Synopsis:Â After escaping an attack by what he claims was a 70-foot shark, Jonas Taylor must confront his fears to save those trapped in a sunken submersible.
Release Date: August 10, 2018 Â Â MPAA Rating: PG-13
Genre(s):Â Action, Horror
Film Review
Production
On its face, The Meg should be a slam dunk late summer flick. It has all the makings of a fun, 2-hour distraction, and yet somehow, it misses the mark in most of the important categories. For a movie with a giant shark terrorizing a group of oceanic researchers (as well as a few other faces), The Meg isn’t sure if it wants to embrace its campiness or veer more towards a serious thriller. By the end, it’s clear that The Meg is more disposable fun than anything else, but by then, it’s too little too late.

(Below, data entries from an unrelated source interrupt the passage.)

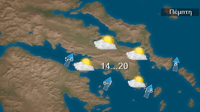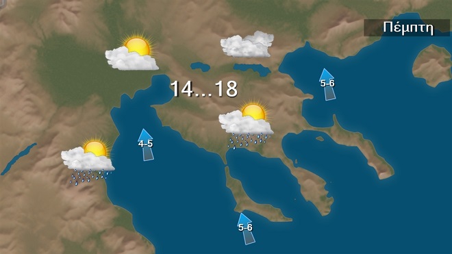 Την Πέμπτη στα δυτικά και τα βόρεια προβλέπονται νεφώσεις με βροχές και στα δυτικά σποραδικές καταιγίδες, πιθανώς κατά τόπους ισχυρές στα βορειοδυτικά. Στην υπόλοιπη χώρα λίγες νεφώσεις παροδικά αυξημένες με λίγες τοπικές βροχές κυρίως στο ανατολικό Αιγαίο. Xιόνια θα πέσουν στα βορειοδυτικά ορεινά. Ευνοείται η μεταφορά σκόνης κυρίως στα δυτικά.
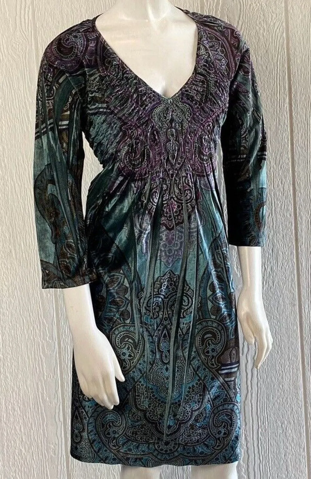 This One World Dress is in Good Pre-Owned Condition. One hole noted. No stains. Please see photos. All items are shipped from a smoke-free home. * V-Neck * 3/4 Sleeve * Pullover Closure * Feels Flowy * All Seasons In Florida 😎🏖️👗 * Color Blue, Green, Purple, Teal * Size Medium * See Photos for Measurements Please review all photos for condition, materials, details and flaws. Flaws will be photographed, highlighted with circles and a brief description of flaw provided. Please feel free to reach out if you have any questions.
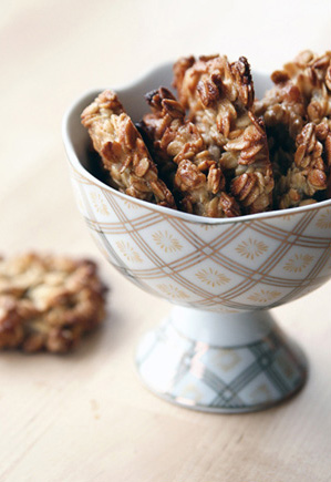 Vahusta munad suhkruga. Kalla hulka ülejäänud ained, sega segamini. Tõsta lusikaga küpsetuspaberiga kaetud plaadile väiksed pätsid ja silu lusikaga lamedaks. Küpseta 200 kraadi juures umbes 12 minutit. Retsept ja foto: Elina Sildre (Perenaine.ee)
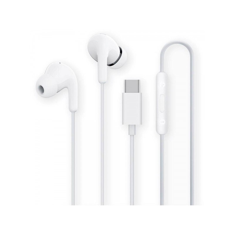 Auriculares Xiaomi blancos con conector USB tipo C, controlador de 12.4mm y micrófono HD con cancelación de ruido para llamadas
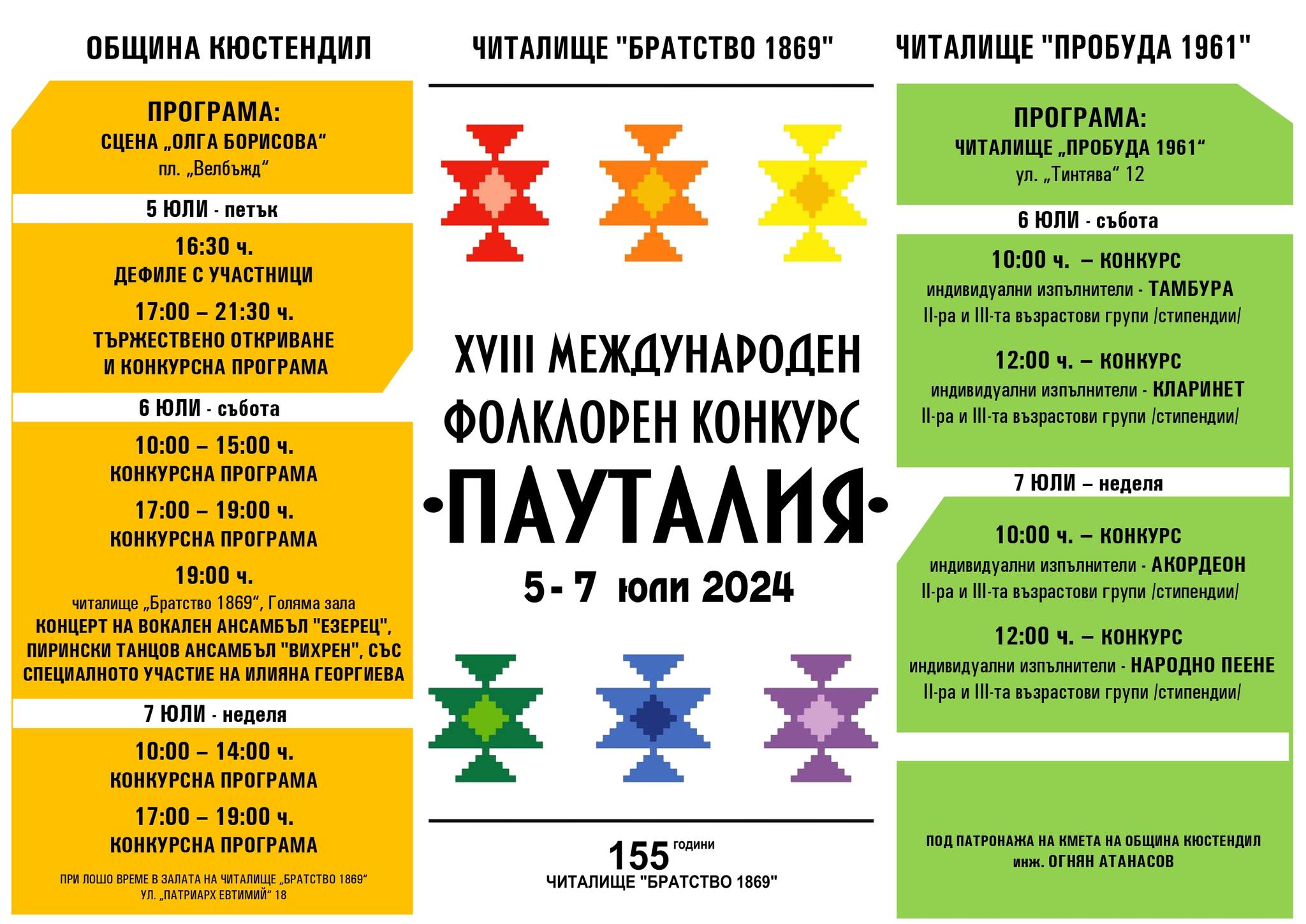 Музикалният форум се проведе в периода 5 – 7 юли 2024 г. Организатори на събитието са Община Кюстендил, читалище „Братство 1869” и читалище „Пробуда 1961” и се проведе под патронажа на кмета на Община Кюстендил – инж. Огнян Атанасов, който откри тържественото дефиле. Тази година в конкурса взеха участие над 4000 участници от цялата страна и чужбина. Снимките може да разгледате тук.  Сред наградените са:
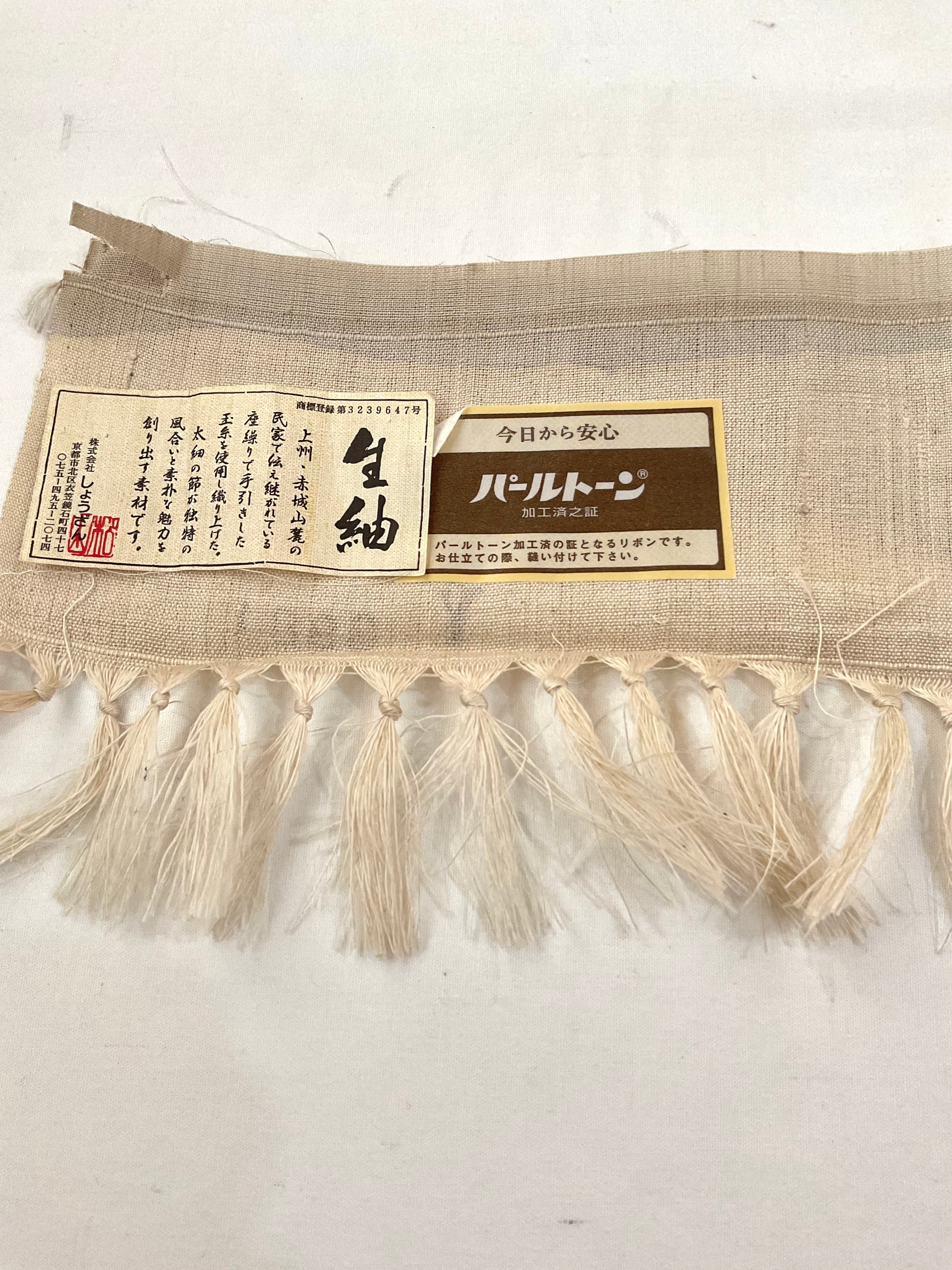 【単衣】砂色地蔓唐花刺繍文【しょうざん】生紬訪問着(しつけ・証反端付・未使用)250906-1

Jason Statham stars as Jonas Taylor, a retired deep-sea rescue specialist called to the Mana One research facility after a sub carrying his ex-wife and a few others is seemingly attacked. The sub’s crew believes that something dangerous disabled their vessel and so Taylor is called in to save them. He has a history with saving sunken vessels at extreme depths and he believes there is something dangerous lurking down there. Turns out, he’s right. The crew unearths a megalodon, a prehistoric shark that is massive, and invites it between a barrier of super cold water that had previously kept the meg away.
As one might expect when a group of “scientists/researchers” unearth something prehistoric, the meg starts wreaking havoc in open water, and Statham and Co. try to kill or capture the creature. Does it go poorly? Definitely. Is the resulting chaos fun to watch? Kind of…
The Meg is best when it embraces the fact that a giant shark is putting itself into situations where lots of people are going to get hurt. Unfortunately, for a lot of the film, the meg is merely minding its own business and the Mana One employees are trying to stop it. The shark’s revenge, if you could call it that, is merely that it is being bothered and would rather kill these humans than get killed. Eventually, the megalodon does start to kill unsuspecting humans, but by then the film is nearly over and a really exciting premise is squandered.
Perhaps the oddest thing about The Meg is that it tries to balance drama with comedy. Some characters, like Rainn Wilson’s billionaire Morris, exist merely to make sure the audience realizes how silly this premise is. While others, like Li Bingbing’s Suyin, have serious dramatic scenes…in a movie with a giant shark. Apparently, The Meg went through a bunch of rewrites and reshoots, and it shows in the finished product. Even just the fact that this is a movie about a giant shark eating people and features almost no blood is enough to tell you how confused The Meg is about its identity.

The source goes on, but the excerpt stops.